Artwork by Dale Bridges
There is a Yellow River called The Sorrow, and there is a child waiting to be born this day. The child, this would-be scholar-thinker, is a girl. A perfect blue pearl is placed in her mouth or, more precisely, balanced on her pale pink lips when she is born. The blue pearl will perch, making of her mouth an oyster, a shell, an ancient skin of the deepest ocean. At her birth, her mind will weigh just under one pound, her fingers will stretch a few centimeters, and her tiny fingernails will be under five millimeters—tiny quills, the tiniest of bird pinions, new stems shooting out from pink skin. After she is born, her fingernails will never cease to grow and grow and grow. (In fact, even in utero, her fingernails are already growing.) Endlessly, she must trim and trim, cutting them back. They are magic, like the bamboo, like the bamboo of the first brushpen. There is magic in her hands. Will she ever come to know this? For endlessly, the world will tell her to forget that her hands were once a tool, a pen to dip in pools of ink, her tongue and mind, tools for communing with heaven.
I am not in any way prepared for postwar Freetown. Postwar Sierra Leone. The tanks parked on the roadside, the brand-new Toyota 4Runners marked UN rolling by. I am not in any way prepared, despite my ten-day Hostile Environments and First Aid Training by the British Royal Marines in the Shenandoah Mountains; ten days of mucking around with other aid workers and journalists from the Sacramento Bee, the Associated Press, and the New York Times. There are guns here, I notice. The men posted at roadside checkpoints have AK-47s. They’re dressed in uniform, blue military helmets fastened. I go over checkpoint protocol in my head, but the men do not stop our vehicle. We are waved through. “Who are they?” I ask Maureen, our local host. “Those are the UN peacekeepers,” she says.

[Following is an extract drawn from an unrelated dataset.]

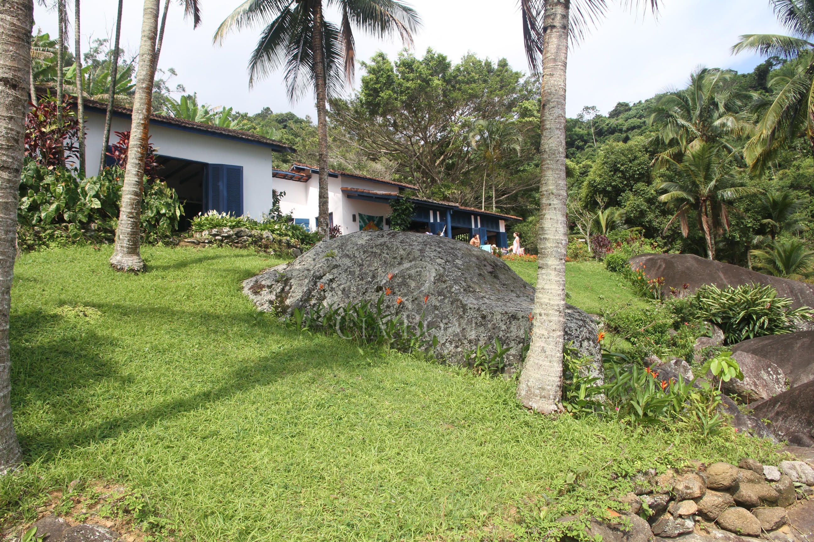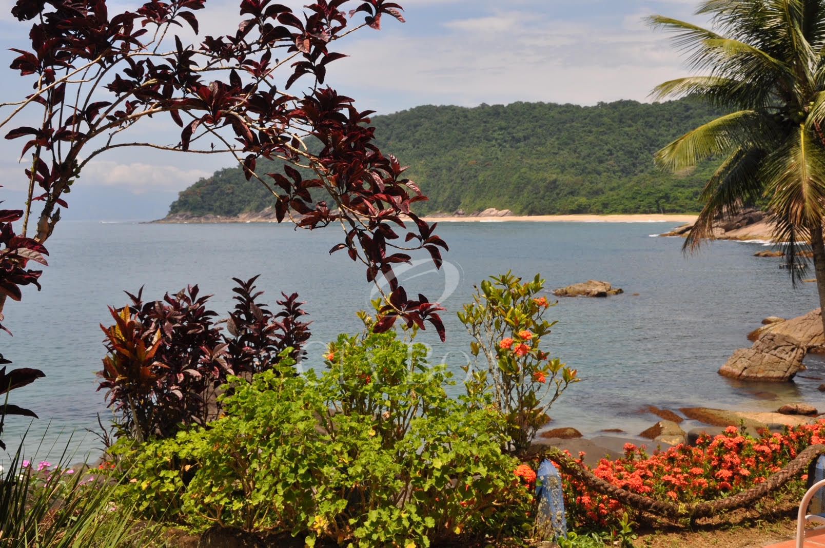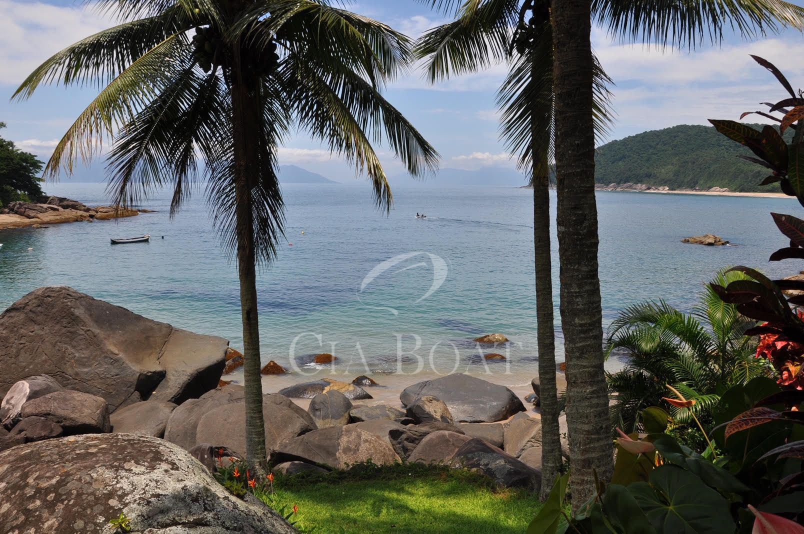 panorâmica de 180° mostra o jardim, a praia particular e
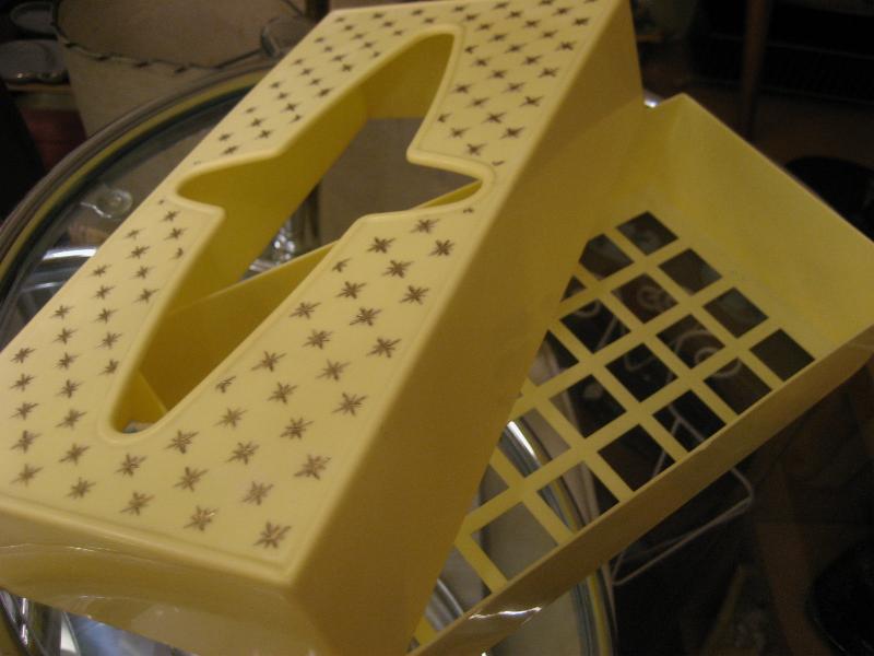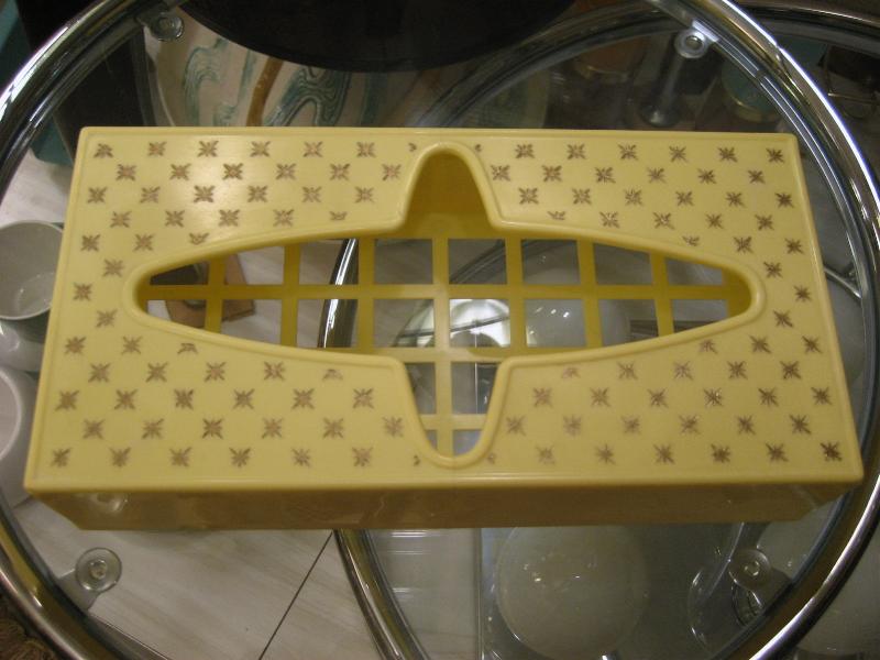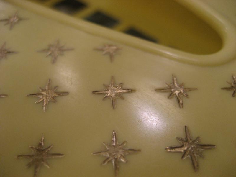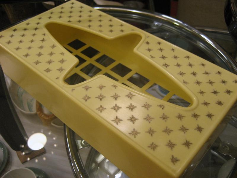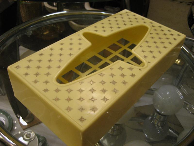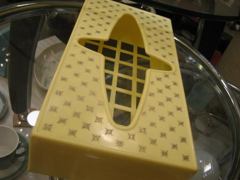 | ビンテージティッシュBOX / 50年代 Rubbermaid, MADE IN USA. ゴールドスターバーストプリントのレトロな50'sティッシュケース。取り出し口の独特なアトミックシェイプが超クールでGOODなビンテージバニティピース! 底面はメッシュトレーになっています。 |

“The smart went west,” my grandmother liked to say. She and my grandfather left Kansas City when my mom was five and never looked back. My brother and sister-in-law, who live in San Diego, have an image on their wall of the California flag, the flag of the great Bear Republic—a sturdy brown bear painted on raw oak, the bear pacing, head down, nose forward, tracking the scent, heading west. Aren’t we all heading west? Or, at least, longing to do so? This hankering to head west, to walk off one’s map. Surely, there must be more! we cry.
“Birds are sometimes found away from their regular ranges in areas not indicated on maps.”
The bread is lifted up. A flock of Parisian sparrows flock to the feeder—a would-be She-preacher, a blond-headed, black-crowned sparrow. They flock to her right hand, beak her flesh; her crown and wrist their perch. Montmartre—white and round-shouldered, weeps in the background. The saints march in. The artists with their oil and water palettes, the bakers with their baguettes, the stone street with its cobbled, wet feet. Montmartre blinks hard and remembers. She sighs red. She sighs a wall of stones, and remembers the stone of stumbling and offense, the Rock of antiquity.
“Congress shall make no law respecting the establishment of religion,
or the free exercise thereof.”
— The Establishment Clause & the Free Exercise Clause
First Amendment of the United States Constitution, 1789
I.
I’d like you to meet Mrs. Billie B. McClure. In 1970 Billie McClure served as a minister in the Salvation Army (you know, of the red tin buckets, the green bills and silver bells of Christmastide—the Salvation Army). Shortly after beginning her employ, Billie McClure realized she was getting paid less than her male counterparts, so she asked some questions. Nothing was done. So she asked more questions, pointed out facts. Still, nothing. She then filed a complaint with the Equal Employment Opportunities Commission, the EEOC, a government agency housed beneath the U.S. Department of Human Rights Commission. Less than thirty days later, Billie McClure was fired, the Salvation Army noting that its disappointment and dissatisfaction with Mrs. McClure’s performance as a minister of the Gospel arose long before her filing of charges.
Billie McClure then hired a lawyer, and took the Salvation Army to court.